DIRECTIONS —
Transcribe only part of the material below: the lines from the one containing "Esta es la foto" through the one containing "Благодаря передним поворотным", inclusive, exactly as written.

EXTRACTED ENTRIES —
+---+

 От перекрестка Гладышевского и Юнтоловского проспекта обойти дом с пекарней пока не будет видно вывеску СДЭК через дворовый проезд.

+---+

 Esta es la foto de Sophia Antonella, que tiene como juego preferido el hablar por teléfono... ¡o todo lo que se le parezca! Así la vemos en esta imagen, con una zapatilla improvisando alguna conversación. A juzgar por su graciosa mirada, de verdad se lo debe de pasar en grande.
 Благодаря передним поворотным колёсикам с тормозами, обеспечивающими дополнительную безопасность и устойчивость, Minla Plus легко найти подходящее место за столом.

+---+

RESPONSE TO THE TASK —
 Esta es la foto de Sophia Antonella, que tiene como juego preferido el hablar por teléfono... ¡o todo lo que se le parezca! Así la vemos en esta imagen, con una zapatilla improvisando alguna conversación. A juzgar por su graciosa mirada, de verdad se lo debe de pasar en grande.
 Благодаря передним поворотным колёсикам с тормозами, обеспечивающими дополнительную безопасность и устойчивость, Minla Plus легко найти подходящее место за столом.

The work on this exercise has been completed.